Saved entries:
—————
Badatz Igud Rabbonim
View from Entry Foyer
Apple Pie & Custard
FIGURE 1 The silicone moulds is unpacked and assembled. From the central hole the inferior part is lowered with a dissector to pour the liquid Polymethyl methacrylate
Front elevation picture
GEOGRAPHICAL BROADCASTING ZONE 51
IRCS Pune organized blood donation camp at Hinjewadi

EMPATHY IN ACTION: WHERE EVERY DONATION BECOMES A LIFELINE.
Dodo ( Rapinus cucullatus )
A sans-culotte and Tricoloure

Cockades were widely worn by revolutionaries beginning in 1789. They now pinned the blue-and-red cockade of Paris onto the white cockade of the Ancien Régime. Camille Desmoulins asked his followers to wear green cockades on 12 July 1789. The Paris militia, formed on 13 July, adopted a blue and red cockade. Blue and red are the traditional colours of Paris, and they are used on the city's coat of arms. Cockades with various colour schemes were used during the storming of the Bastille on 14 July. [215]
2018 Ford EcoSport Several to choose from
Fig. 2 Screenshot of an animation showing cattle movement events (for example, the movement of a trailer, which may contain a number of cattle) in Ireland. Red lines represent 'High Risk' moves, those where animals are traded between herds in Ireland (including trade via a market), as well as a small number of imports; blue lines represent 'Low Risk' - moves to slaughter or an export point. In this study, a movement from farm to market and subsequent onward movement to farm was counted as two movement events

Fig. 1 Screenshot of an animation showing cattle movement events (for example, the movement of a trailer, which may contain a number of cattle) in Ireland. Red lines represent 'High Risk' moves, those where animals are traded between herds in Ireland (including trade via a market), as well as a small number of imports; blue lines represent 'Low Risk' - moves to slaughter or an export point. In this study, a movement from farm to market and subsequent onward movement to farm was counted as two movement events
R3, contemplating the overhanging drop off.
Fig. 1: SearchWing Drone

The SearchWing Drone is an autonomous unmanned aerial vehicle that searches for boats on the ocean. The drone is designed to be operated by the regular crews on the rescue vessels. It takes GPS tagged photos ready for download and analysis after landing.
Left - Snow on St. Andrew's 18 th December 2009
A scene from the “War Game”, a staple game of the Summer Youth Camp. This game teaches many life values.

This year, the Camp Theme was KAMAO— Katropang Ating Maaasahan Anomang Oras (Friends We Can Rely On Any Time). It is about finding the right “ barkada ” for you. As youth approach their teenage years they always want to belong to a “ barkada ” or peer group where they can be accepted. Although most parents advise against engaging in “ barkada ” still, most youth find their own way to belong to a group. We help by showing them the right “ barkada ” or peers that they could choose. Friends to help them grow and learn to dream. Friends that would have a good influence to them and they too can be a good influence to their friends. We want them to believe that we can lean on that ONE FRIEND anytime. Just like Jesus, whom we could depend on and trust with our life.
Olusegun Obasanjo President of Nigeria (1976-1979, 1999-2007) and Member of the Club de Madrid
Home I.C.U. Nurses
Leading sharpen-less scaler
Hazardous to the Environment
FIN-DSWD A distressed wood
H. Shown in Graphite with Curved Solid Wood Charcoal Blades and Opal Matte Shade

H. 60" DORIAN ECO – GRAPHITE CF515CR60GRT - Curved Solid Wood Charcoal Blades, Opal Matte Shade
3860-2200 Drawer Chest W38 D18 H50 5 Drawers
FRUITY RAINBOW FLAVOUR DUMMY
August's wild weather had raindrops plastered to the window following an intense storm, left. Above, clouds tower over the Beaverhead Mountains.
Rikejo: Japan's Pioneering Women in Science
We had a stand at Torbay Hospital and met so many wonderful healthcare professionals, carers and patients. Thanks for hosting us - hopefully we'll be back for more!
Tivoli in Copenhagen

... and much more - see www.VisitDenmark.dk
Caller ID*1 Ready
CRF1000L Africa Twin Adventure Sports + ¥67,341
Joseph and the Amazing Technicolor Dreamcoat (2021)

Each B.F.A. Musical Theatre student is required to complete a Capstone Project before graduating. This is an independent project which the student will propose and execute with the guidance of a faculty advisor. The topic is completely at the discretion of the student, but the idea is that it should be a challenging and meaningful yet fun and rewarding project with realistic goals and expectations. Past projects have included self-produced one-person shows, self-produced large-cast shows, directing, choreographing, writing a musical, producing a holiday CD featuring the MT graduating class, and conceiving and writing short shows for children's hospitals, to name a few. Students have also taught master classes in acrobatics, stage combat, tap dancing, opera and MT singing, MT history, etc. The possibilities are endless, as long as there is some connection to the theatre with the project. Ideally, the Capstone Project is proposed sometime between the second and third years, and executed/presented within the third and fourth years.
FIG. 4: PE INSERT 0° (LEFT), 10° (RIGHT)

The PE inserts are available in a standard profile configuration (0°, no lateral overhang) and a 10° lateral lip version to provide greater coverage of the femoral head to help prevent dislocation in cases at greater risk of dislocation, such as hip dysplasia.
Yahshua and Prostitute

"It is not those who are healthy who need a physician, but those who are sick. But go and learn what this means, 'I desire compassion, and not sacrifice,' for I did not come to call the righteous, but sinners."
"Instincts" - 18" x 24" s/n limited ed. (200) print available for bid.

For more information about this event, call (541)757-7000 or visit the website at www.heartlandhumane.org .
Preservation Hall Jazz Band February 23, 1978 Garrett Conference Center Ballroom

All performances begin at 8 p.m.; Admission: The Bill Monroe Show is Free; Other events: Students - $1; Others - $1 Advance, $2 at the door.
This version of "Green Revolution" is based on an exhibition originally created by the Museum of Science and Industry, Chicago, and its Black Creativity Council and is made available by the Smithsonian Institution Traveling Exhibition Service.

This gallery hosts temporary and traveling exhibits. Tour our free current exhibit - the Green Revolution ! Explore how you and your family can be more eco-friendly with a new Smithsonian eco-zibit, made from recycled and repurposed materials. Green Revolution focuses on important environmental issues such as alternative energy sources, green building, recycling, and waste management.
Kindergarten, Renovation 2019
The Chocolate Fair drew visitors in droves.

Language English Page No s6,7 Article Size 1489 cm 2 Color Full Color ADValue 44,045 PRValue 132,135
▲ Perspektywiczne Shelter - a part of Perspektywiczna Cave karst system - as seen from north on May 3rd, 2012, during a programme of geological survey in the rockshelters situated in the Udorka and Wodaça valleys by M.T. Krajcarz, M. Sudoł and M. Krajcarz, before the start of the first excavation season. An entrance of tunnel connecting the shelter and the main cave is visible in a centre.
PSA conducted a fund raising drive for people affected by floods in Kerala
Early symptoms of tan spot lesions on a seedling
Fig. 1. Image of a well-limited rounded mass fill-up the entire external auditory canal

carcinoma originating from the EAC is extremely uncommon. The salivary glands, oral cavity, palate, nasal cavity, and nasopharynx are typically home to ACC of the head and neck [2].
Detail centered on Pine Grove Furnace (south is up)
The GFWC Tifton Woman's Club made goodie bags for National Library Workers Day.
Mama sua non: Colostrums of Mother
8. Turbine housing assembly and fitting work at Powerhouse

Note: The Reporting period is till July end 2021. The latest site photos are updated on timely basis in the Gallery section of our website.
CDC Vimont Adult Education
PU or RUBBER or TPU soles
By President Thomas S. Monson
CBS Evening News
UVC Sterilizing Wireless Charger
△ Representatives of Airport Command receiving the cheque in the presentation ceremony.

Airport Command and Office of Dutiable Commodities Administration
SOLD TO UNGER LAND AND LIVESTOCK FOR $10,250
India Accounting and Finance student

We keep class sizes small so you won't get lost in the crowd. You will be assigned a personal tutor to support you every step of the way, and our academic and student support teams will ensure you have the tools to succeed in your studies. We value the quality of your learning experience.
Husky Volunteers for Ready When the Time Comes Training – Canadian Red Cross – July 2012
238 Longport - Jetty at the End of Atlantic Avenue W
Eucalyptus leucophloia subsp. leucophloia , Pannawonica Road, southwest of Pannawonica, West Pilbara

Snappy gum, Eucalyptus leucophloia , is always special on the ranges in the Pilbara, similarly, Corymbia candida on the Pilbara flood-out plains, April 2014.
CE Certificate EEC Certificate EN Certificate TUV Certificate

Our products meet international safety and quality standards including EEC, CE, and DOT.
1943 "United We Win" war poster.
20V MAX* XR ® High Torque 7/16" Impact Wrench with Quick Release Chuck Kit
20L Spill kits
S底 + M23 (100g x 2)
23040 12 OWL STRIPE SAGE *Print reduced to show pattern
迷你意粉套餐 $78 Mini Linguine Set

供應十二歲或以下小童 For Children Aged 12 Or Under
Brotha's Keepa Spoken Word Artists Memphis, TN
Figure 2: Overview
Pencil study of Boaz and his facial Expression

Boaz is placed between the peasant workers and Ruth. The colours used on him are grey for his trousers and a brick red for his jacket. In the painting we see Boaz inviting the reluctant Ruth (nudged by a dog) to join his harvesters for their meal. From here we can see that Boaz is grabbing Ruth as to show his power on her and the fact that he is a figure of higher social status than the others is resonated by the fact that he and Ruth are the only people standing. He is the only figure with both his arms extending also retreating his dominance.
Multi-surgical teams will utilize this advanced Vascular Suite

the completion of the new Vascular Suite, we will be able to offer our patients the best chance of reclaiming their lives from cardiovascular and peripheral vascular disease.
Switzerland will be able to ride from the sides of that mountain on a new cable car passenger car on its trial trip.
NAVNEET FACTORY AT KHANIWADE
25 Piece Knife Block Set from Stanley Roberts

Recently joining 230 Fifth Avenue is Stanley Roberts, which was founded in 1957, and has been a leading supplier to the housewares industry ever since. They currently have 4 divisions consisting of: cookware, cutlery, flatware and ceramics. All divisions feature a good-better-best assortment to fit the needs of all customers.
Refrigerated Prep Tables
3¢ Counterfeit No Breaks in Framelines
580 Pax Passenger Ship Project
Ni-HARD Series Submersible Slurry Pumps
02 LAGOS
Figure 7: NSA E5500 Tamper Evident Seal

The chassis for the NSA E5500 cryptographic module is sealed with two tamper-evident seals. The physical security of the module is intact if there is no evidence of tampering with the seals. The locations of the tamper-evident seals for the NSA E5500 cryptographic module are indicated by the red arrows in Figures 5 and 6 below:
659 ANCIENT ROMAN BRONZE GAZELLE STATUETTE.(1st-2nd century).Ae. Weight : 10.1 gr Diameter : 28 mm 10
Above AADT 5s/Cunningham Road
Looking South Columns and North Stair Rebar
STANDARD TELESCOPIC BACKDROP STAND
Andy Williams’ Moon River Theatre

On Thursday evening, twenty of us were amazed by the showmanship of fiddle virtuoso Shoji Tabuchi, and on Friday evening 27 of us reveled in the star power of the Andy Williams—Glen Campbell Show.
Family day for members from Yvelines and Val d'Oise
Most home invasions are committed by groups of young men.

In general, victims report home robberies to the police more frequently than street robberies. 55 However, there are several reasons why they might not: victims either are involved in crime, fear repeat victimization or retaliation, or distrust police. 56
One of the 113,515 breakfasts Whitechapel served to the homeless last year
—————
● **Task directions**:
Which lines run from the one holding "FIGURE 1 The" through the one holding "A sans-culotte and Tricoloure" in the records above? Repeat them exactly, both included, and nothing more.

● **Output below**:
FIGURE 1 The silicone moulds is unpacked and assembled. From the central hole the inferior part is lowered with a dissector to pour the liquid Polymethyl methacrylate
Front elevation picture
GEOGRAPHICAL BROADCASTING ZONE 51
IRCS Pune organized blood donation camp at Hinjewadi

EMPATHY IN ACTION: WHERE EVERY DONATION BECOMES A LIFELINE.
Dodo ( Rapinus cucullatus )
A sans-culotte and Tricoloure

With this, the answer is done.